::: SUPPLIED MATERIAL :::
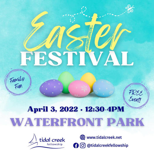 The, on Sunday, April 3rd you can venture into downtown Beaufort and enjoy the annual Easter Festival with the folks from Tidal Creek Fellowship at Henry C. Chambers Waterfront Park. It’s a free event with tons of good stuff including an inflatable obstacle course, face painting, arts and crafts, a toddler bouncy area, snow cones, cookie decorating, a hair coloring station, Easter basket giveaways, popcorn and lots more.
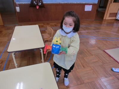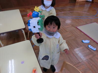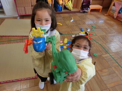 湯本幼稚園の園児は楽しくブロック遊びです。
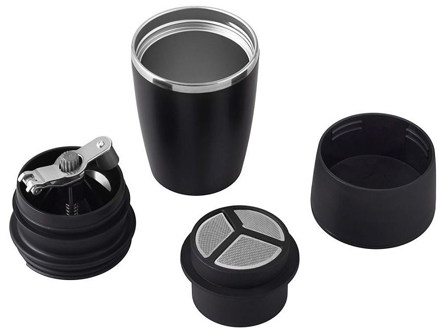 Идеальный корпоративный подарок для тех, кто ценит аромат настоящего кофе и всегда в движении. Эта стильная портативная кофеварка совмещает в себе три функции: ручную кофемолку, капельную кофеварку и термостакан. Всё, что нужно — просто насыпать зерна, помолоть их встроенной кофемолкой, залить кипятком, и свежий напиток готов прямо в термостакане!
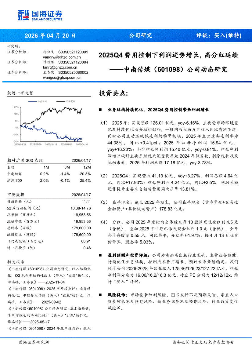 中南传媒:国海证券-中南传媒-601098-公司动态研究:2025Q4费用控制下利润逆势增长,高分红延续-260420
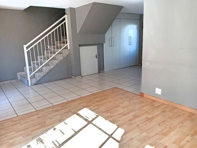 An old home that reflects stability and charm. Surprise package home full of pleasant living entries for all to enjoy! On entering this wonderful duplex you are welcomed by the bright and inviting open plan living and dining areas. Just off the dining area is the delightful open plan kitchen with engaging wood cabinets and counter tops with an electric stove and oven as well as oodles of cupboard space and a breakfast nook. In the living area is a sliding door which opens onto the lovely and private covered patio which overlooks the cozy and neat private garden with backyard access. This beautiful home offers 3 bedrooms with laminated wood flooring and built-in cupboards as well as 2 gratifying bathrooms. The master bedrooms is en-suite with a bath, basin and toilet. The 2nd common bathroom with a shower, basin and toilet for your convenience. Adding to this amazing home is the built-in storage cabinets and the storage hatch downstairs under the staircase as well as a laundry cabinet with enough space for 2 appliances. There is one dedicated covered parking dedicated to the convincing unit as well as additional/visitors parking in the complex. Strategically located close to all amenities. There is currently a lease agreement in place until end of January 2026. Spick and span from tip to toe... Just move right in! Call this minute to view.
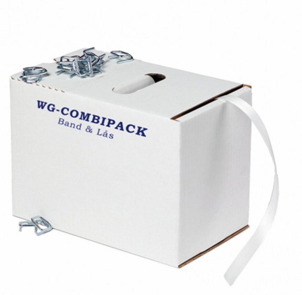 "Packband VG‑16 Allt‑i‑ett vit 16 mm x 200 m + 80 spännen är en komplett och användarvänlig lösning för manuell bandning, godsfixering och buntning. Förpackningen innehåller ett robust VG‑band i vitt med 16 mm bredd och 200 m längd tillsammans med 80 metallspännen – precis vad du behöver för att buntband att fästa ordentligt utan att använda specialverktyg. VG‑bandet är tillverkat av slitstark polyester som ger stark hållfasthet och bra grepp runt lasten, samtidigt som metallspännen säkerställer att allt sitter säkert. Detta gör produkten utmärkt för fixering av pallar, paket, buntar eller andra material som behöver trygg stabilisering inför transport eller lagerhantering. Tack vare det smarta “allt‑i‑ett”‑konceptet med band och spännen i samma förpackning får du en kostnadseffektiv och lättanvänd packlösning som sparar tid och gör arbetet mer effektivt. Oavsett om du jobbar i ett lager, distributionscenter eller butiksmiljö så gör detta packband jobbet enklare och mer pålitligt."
:::
::: SUPPLIED MATERIAL :::
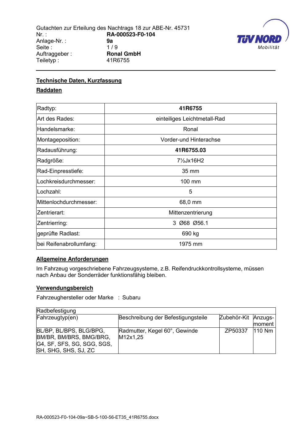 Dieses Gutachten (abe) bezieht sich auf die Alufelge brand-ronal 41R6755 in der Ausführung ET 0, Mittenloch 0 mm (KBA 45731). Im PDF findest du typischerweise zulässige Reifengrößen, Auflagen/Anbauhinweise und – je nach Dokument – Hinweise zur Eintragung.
:::
§ **BRIEF**:
From the line containing "Идеальный корпоративный подарок" through the line containing "中南传媒:国海证券-中南传媒", copy every line above exactly, without pictures.

§ **TASK ANSWER**:
 Идеальный корпоративный подарок для тех, кто ценит аромат настоящего кофе и всегда в движении. Эта стильная портативная кофеварка совмещает в себе три функции: ручную кофемолку, капельную кофеварку и термостакан. Всё, что нужно — просто насыпать зерна, помолоть их встроенной кофемолкой, залить кипятком, и свежий напиток готов прямо в термостакане!
 中南传媒:国海证券-中南传媒-601098-公司动态研究:2025Q4费用控制下利润逆势增长,高分红延续-260420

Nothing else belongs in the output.